To build this example, you’ll also need the display timings, clock generation, and constraints, that we created in the first part of the series. All these files are available in the FPGA Ad Astra repo together with a makefile for iCEBreaker, and Vivado project for Arty.

A Screen Full of Sky

If we use the maximum sequence of an LFSR, then our starfield is extremely limited in size. To fill the screen, we choose an LFSR that produces a sequence longer than our number of pixels, then restart it when we reach the end of the screen. There are two ways to do this:

  1. Find the LFSR value at the point we want to restart
  2. Use a separate counter

The first option is extremely efficient when it comes to logic. As each value appears only once, it uniquely describes a position in the sequence. Historically, LFSR were used as counters, including on FPGAs. Xilinx has a nice application note describing this: XAPP210.
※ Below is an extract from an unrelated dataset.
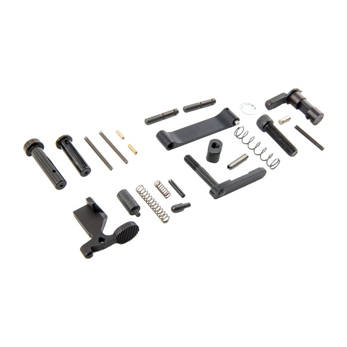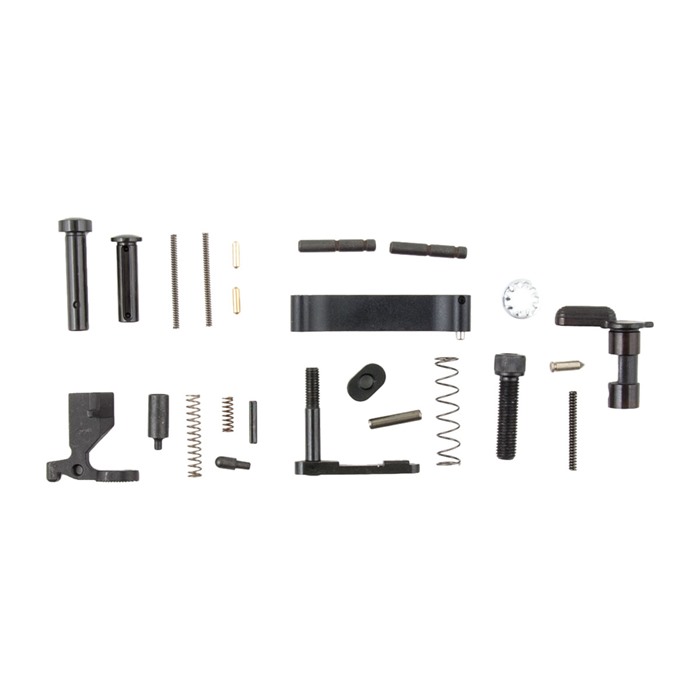 050806111714 Ce kit de pièces pour récepteur inférieur AR-15 5.56 NATO est fabriqué avec des pièces de haute qualité, Made in the USA, conformes aux normes Mil-Spec. Ce kit ne contient pas de groupe de contrôle de tir ni de poignée de pistolet. Chaque pièce est bien fabriquée, durable et emballée dans des sacs codés par couleur pour une installation facile. Ce kit est un excellent choix pour construire ou reconstruire un fusil AR-15. Contient : Goupille de démontage, Goupille de pivot du récepteur, Détente de goupille de démontage (2), Ressort de détente de goupille de démontage (2), Attrape-boulon, Piston d'attrape-boulon, Goupille de ressort d'attrape-boulon, Ressort d'attrape-boulon, Retenue de tampon, Ressort de retenue de tampon, Attrape-chargeur, Ressort d'attrape-chargeur, Bouton d'attrape-chargeur, Assemblage de garde de détente, Goupille de ressort de pivot de garde de détente, Sélecteur de sécurité, Détente de sélecteur, Ressort de détente de sélecteur, Rondelle de vis de poignée, Vis de poignée.Supprimé du programme

The second option requires separate counter logic, but on a contemporary FPGA, the cost is minimal. The advantage of this approach is we can easily adjust the direction and speed of the starfield by counting a little more or a little less. This is the approach we’ll use in this project.

We’re going to want a few starfields, so let’s create a dedicated module [src]:

module starfield #(
    parameter H=800,
    parameter V=525,
    parameter INC=-1,
    parameter SEED=21'h1FFFFF,
    parameter MASK=21'hFFF
    ) (
    input  wire logic clk,              // clock
    input  wire logic en,               // enable
    input  wire logic rst,              // reset
    output      logic sf_on,            // star on
    output      logic [7:0] sf_star     // star brightness
    );

    localparam RST_CNT = H * V + INC - 1;  // counter starts at zero, so subtract 1
    logic [20:0] sf_reg, sf_cnt;

    always_ff @(posedge clk) begin
        if (en) begin
            sf_cnt <= sf_cnt + 1;
            if (sf_cnt == RST_CNT) sf_cnt <= 0;
        end
        if (rst) sf_cnt <= 0;
    end

    // select some bits to form stars
    always_comb begin
        sf_on = &{sf_reg | MASK};
        sf_star = sf_reg[7:0];
    end

    lfsr #(
        .LEN(21),
        .TAPS(21'b101000000000000000000),
        .SEED(SEED)
        ) lsfr_sf (
        .clk,
        .rst(sf_cnt == 21'b0),
        .en,
        .sreg(sf_reg)
    );
endmodule

The starfield module defaults to a 21-bit LFSR, which has a maximum sequence of just over two million. The module takes the screen dimensions as parameters H and W: we’re using the full screen, including the blanking interval, so the starfield doesn’t immediately repeat. The MASK allows us to control the stellar density, the more 1s in the mask, the more stars there will be. Finally, the module outputs an 8-bit value for star brightness, which can be used to create a more varied starfield.

Into Space

Using our module, we can create multiple starfields at different speeds and densities to give that real in-space feeling. Our example top module has three starfields:

Rebuild your project with the new starfield and top modules. Try experimenting with the INC and MASK parameters to create different speeds and densities.

Greetings, World!

I had initially planned to do some more stuff with LFSRs, but on seeing the starfields, I thought they’d make an ideal backdrop for a message. We don’t have a bitmap on which to draw on, so I decided to quickly design a hardware sprite. Sprites are not ideal for large quantities of text but do make for a fun way to display short messages on screen.

Hardware Sprite

Our simple hardware sprite design reads a line of pixels in the blanking interval before drawing them on the following screen line. We’ve departed a little from the most straightforward design by adding a couple of features:

  • Scaling - so a small font can be used to create screen-sized messages
  • Bit Swapping - so sprite data can be MSB or LSB first (no more back-to-front text!)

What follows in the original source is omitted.